Appellant insists that, since the Retailers’ Fire Insurance Company was liable under the terms of the policy it issued for the full amount of the loss sustained, the recovery of the plaintiffs herein should have been against that company for the full amount of the loss, and that no judgment should have been rendered against the Union Assurance Society, Limited, who issued the first policy. And in that connection several decisions are cited to sustain the contention that Harris Smith, the last owner of the property, had the legal right to control the insurance on the property and to substitute the Retailers’ Fire Insurance Company policy for the policy theretofore issued, as was done, and that therefore plaintiffs, in whose favor the mortgage clause was inserted in the second policy, should have recovered the full amount of loss on that policy only. Among the decisions so cited are London Assurance Corp. v. Belcher (Tex. Civ. App.) 5 S.W.(2d) 844; Commonwealth Insurance Co. v. Evans (Tex. Civ. App.) 42 S.W.(2d) 1088; Girard F. & M. Ins. Co. v. Farmer (Tex. Com. App.) 53 S.W.(2d) 1016; Home Insurance Co. v. Collins (Tex. Civ. App.) 55 S.W.(2d) 898.
Under the express terms of the first policy, the rights of the owner of the property to recover for losses thereunder were forfeited by the taking'out of the second policy; but that act did not affect the insurable rights of the mortgagees in the first policy. Nor could the owner, by taking out the second policy without the knowledge or consent of the mortgagees, compel the latter to forego and abandon their rights under the first policy and to look for relief solely under the second policy. It is to be noted that the first policy, with a mortgage clause attached, evidenced two separate contracts, one in favor of the owner of the property and one in favor of the plaintiffs as mortgagees. And the forfeiture of rights by the owner did not affect the rights of the mortgagees. Furthermore, the judgment rendered apportioning the loss to the two insurance companies was authorized by express provisions of both policies, and the subrogation of lien was likewise in conformity with the provisions of the first policy and in accord with the decision ©f the Commis*873sion of Appeals in tlie case of British American Assurance Co. v. Mid-Continent Life Ins. Co., 37 S.W.(2d) 742. Furthermore, since appellant was not a party to the Retailers’ Fire Insurance Company policy, we are unable to perceive how it could have a right of subro-gation against that company for the judgment complained of.
Nor was there error in awarding interest from the date appellant denied liability and refused payment for the loss.
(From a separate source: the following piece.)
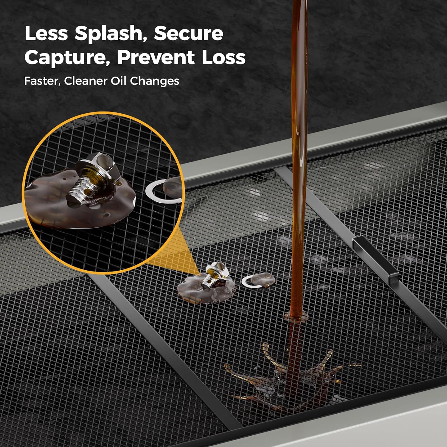 - User-Friendly Design:The 32.8× 16.9" filter screen with smaller holes on oil drain pans minimizes splatters and catches dropped parts, keeping floors clean and saving time. Its 1.2 mm metal frame resists warping, ensuring durability for oil drain pans. The T-handle folds from 40–180°, collapses flat for storage, and reaches easily under vehicles—perfect for maneuvering oil drain pans. Two fixed 4-inch wheels and two 3-inch swivel wheels with brakes ensure stable, secure positioning for oil drain pans—even on slopes. Together, these elements make every oil change with oil drain pans quicker, neater, and hassle-free.

The award of all costs incurred by the successful plaintiffs against appellant was proper, and hence appellant shows no injury by virtue of the fact that two of the plaintiffs, to wit, Maryland Casualty Company and Murray Investment Company, who were denied a recovery, were awarded their costs against the appellant; it not appearing that any additional costs were incurred by reason of the fact that those companies joined with the other plaintiffs in whose favor judgment was rendered.
Accordingly, the findings of fact and conclusions of law of the trial court are adopted by this court, all assignments of error are overruled, and the judgment of the trial court is affirmed.